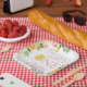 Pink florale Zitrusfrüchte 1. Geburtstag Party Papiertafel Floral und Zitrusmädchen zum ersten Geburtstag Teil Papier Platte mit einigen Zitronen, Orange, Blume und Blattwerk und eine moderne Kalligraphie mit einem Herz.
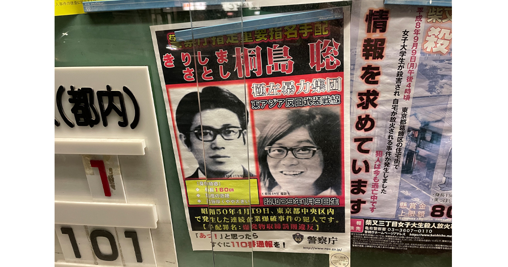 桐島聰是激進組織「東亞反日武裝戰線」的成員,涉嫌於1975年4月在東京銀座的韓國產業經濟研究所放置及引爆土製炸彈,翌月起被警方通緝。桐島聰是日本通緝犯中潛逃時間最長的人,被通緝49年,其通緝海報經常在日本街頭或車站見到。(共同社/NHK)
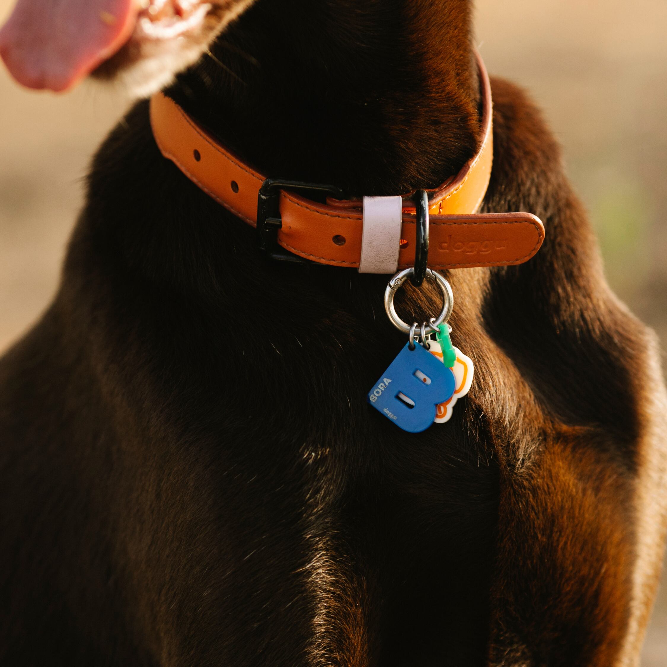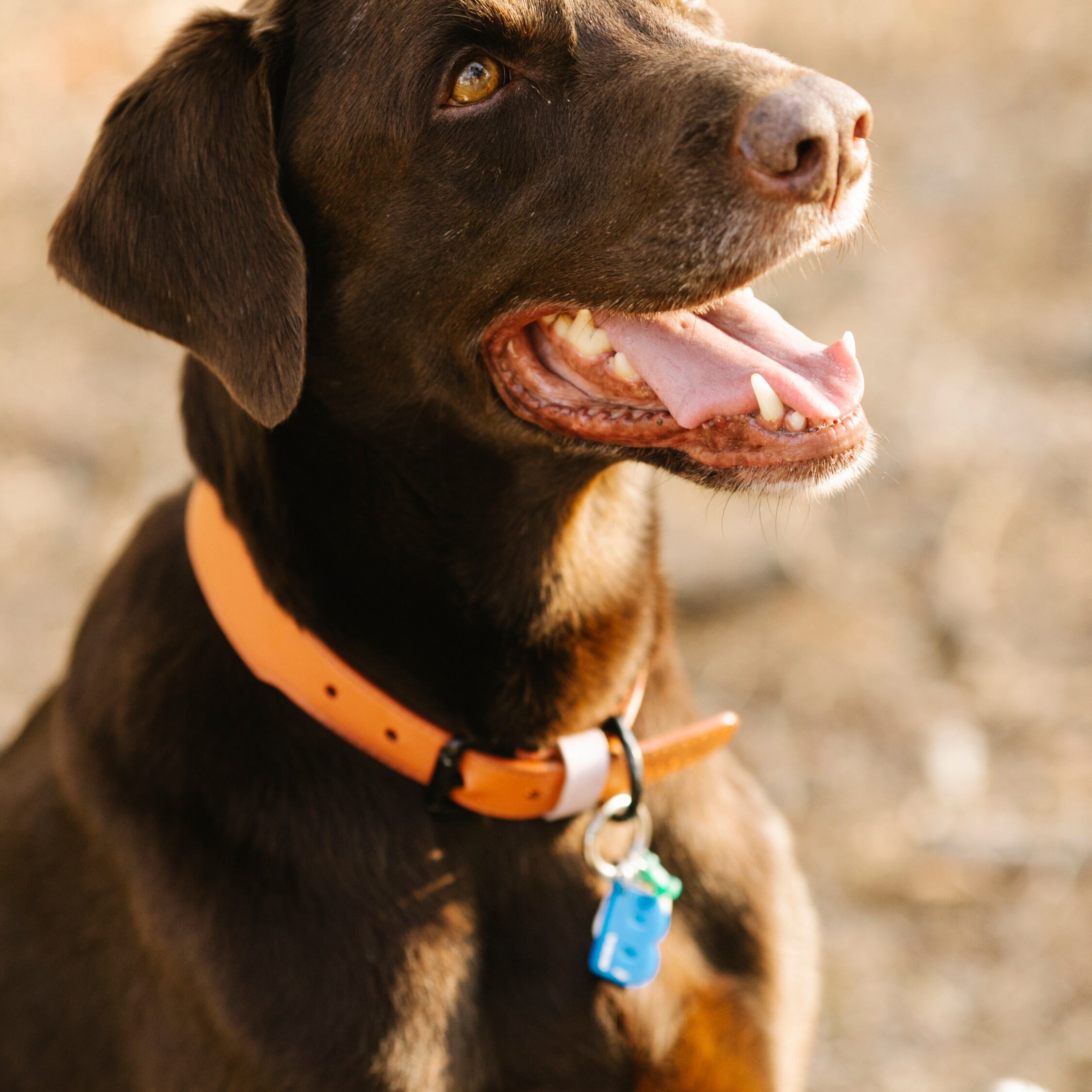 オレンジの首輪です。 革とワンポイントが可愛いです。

#####

REQUIRED WORK: Starting at the line with "桐島聰是激進組織「東亞反日武", output each line through the final one of the listing above, and nothing else. Pictures are to be left out.

RESPONSE AREA:
 桐島聰是激進組織「東亞反日武裝戰線」的成員,涉嫌於1975年4月在東京銀座的韓國產業經濟研究所放置及引爆土製炸彈,翌月起被警方通緝。桐島聰是日本通緝犯中潛逃時間最長的人,被通緝49年,其通緝海報經常在日本街頭或車站見到。(共同社/NHK)
 オレンジの首輪です。 革とワンポイントが可愛いです。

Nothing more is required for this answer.